**Provided material:**

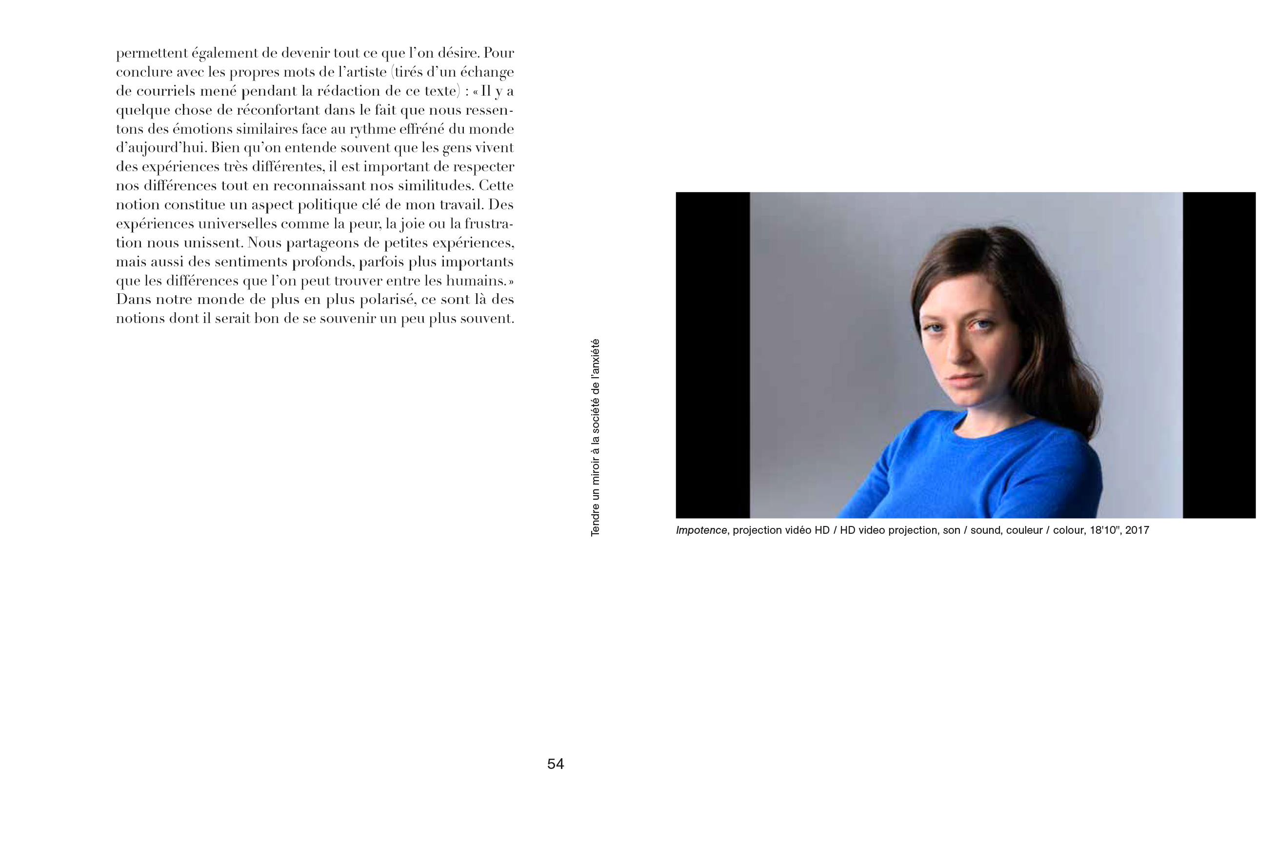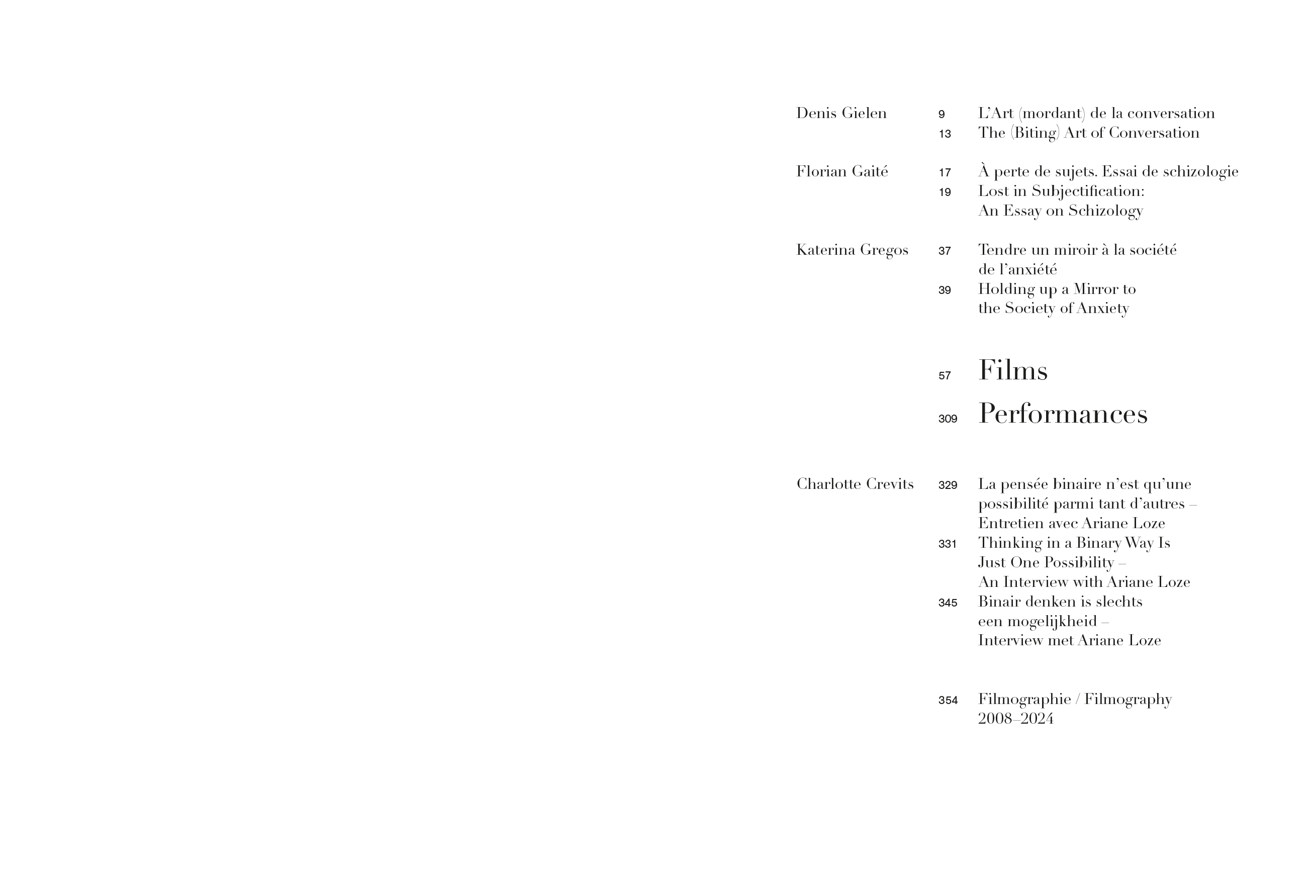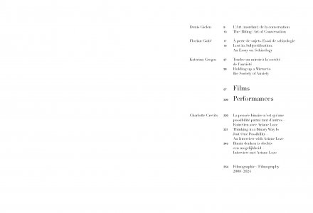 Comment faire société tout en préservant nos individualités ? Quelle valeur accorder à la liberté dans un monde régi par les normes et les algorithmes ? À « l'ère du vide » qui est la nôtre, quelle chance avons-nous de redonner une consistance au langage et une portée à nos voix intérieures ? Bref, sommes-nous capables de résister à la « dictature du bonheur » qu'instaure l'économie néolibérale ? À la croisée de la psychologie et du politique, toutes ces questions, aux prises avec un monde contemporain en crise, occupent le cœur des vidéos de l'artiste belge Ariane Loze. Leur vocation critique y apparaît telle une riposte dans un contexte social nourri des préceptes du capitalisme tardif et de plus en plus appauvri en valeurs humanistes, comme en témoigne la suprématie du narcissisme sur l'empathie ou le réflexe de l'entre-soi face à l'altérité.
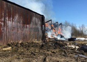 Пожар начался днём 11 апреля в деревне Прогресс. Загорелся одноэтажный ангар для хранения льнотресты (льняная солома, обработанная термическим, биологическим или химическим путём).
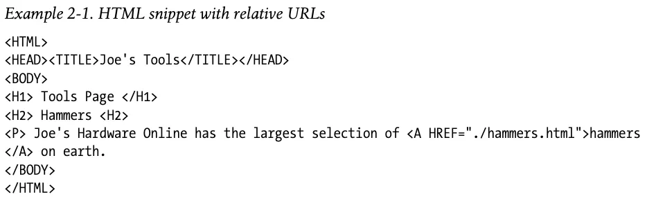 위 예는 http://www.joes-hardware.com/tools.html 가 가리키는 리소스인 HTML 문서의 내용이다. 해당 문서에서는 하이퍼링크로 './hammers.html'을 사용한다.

**Aim of the exercise:** Please return, exactly and with pictures omitted, the lines from the line holding "Пожар начался днём" through the end of the data above, inclusive.

**Task response:**
 Пожар начался днём 11 апреля в деревне Прогресс. Загорелся одноэтажный ангар для хранения льнотресты (льняная солома, обработанная термическим, биологическим или химическим путём).
 위 예는 http://www.joes-hardware.com/tools.html 가 가리키는 리소스인 HTML 문서의 내용이다. 해당 문서에서는 하이퍼링크로 './hammers.html'을 사용한다.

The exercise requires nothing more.